**Exercise description**:
Restate the listing below word for word; no picture is to be carried over.

-- Entries provided follows --

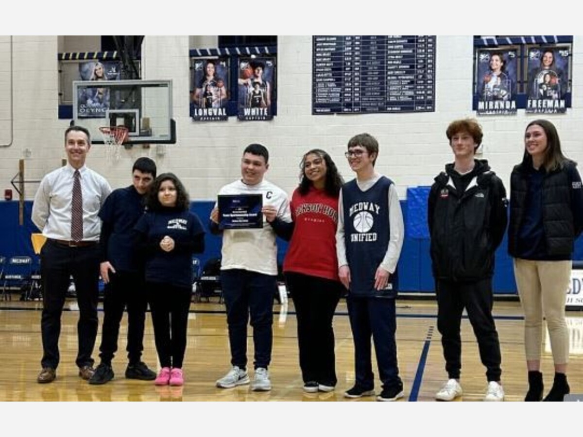Medway High's Unified Basketball team, which pairs students with and without intellectual disabilities from the Best Buddies Club on the same team, was chosen out of 150 teams across Massachusetts as the recipient of the 2025 MIAA Unified Basketball Sportsmanship Award.
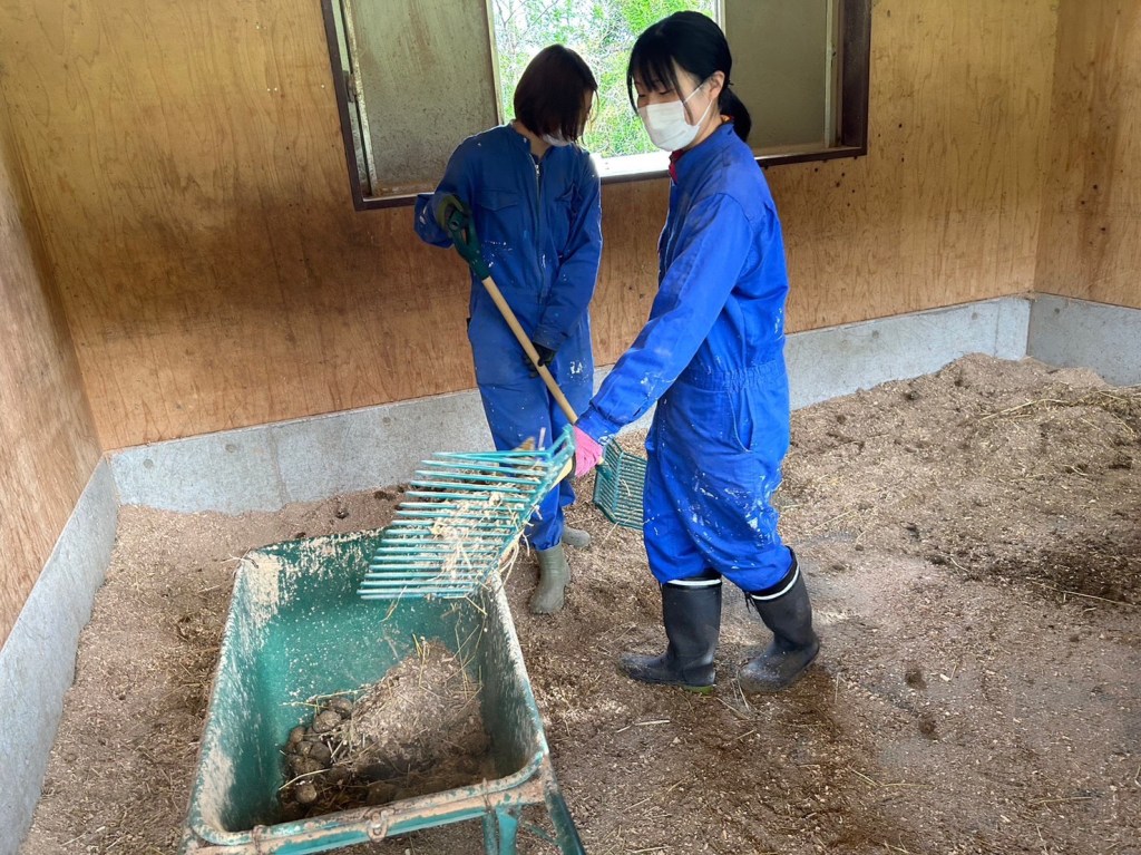 デン牧にいるウシやウマ、ヤギ、ヒツジに餌をあげたり、ふん掃除をしました🧹
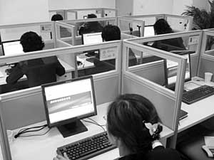 | “虛擬養(yǎng)老院”呼叫中心的接聽員在工作。李俊鋒
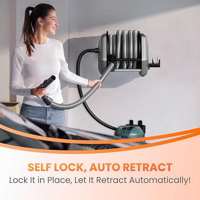 - Any Length Lock: The vacuum hose reel is pre-installed with 30 ft hose, which can lock at any length as you desired, covers every corner of your garage.
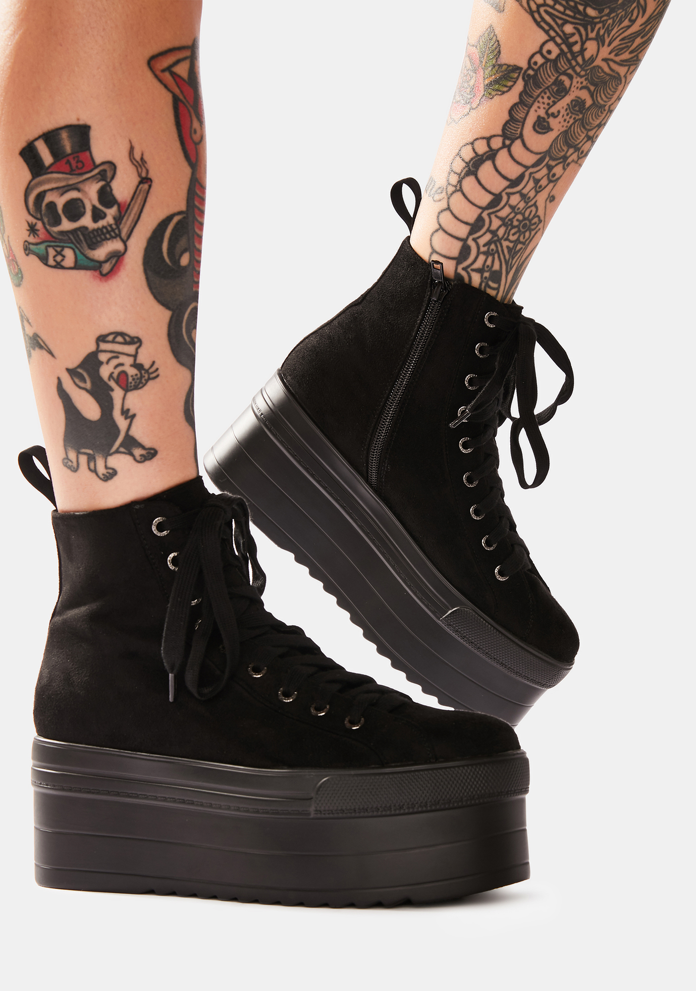Star Struck Chunky Flatform Sneakers features a chunky platform treaded sole, front lace up detail, side zip closure, and faux suede construction.
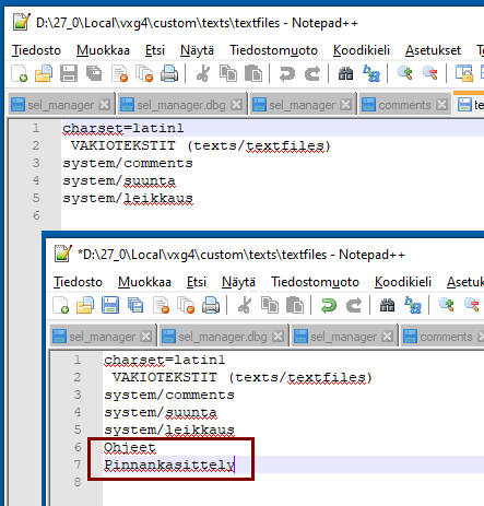 Jos muokkaat system/texts/system-kansiossa olevia tiedostoja (comments, leikkaus tai suunta), niin nuo tiedot katoavat seuraavassa pääversion päivityksessä, koska koko vxg4/system-kansio (tai palvelinratkaisuissa *1) uusitaan.
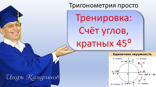 Тригонометрия: считаем углы, кратные 45 градусам на единичной окружности. В градусах и радианах.
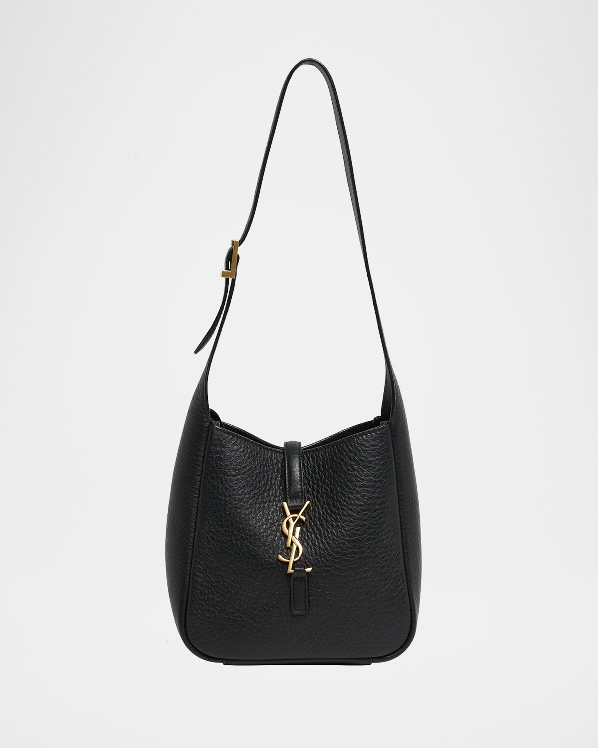 - Saint Laurent "Le 5 A 7" hobo bag in grained deer leather - Adjustable shoulder strap - Center YSL strap closure - Golden hardware - Approx. 6.7"H x 14.2"W x 2.4"D - Professional cleaning recommended - Made in Italy - Proposition 65 warning for California residents

-- Entries provided concluded --

**Exercise response**:
Medway High's Unified Basketball team, which pairs students with and without intellectual disabilities from the Best Buddies Club on the same team, was chosen out of 150 teams across Massachusetts as the recipient of the 2025 MIAA Unified Basketball Sportsmanship Award.
 デン牧にいるウシやウマ、ヤギ、ヒツジに餌をあげたり、ふん掃除をしました🧹
 | “虛擬養(yǎng)老院”呼叫中心的接聽員在工作。李俊鋒
 - Any Length Lock: The vacuum hose reel is pre-installed with 30 ft hose, which can lock at any length as you desired, covers every corner of your garage.
Star Struck Chunky Flatform Sneakers features a chunky platform treaded sole, front lace up detail, side zip closure, and faux suede construction.
 Jos muokkaat system/texts/system-kansiossa olevia tiedostoja (comments, leikkaus tai suunta), niin nuo tiedot katoavat seuraavassa pääversion päivityksessä, koska koko vxg4/system-kansio (tai palvelinratkaisuissa *1) uusitaan.
 Тригонометрия: считаем углы, кратные 45 градусам на единичной окружности. В градусах и радианах.
 - Saint Laurent "Le 5 A 7" hobo bag in grained deer leather - Adjustable shoulder strap - Center YSL strap closure - Golden hardware - Approx. 6.7"H x 14.2"W x 2.4"D - Professional cleaning recommended - Made in Italy - Proposition 65 warning for California residents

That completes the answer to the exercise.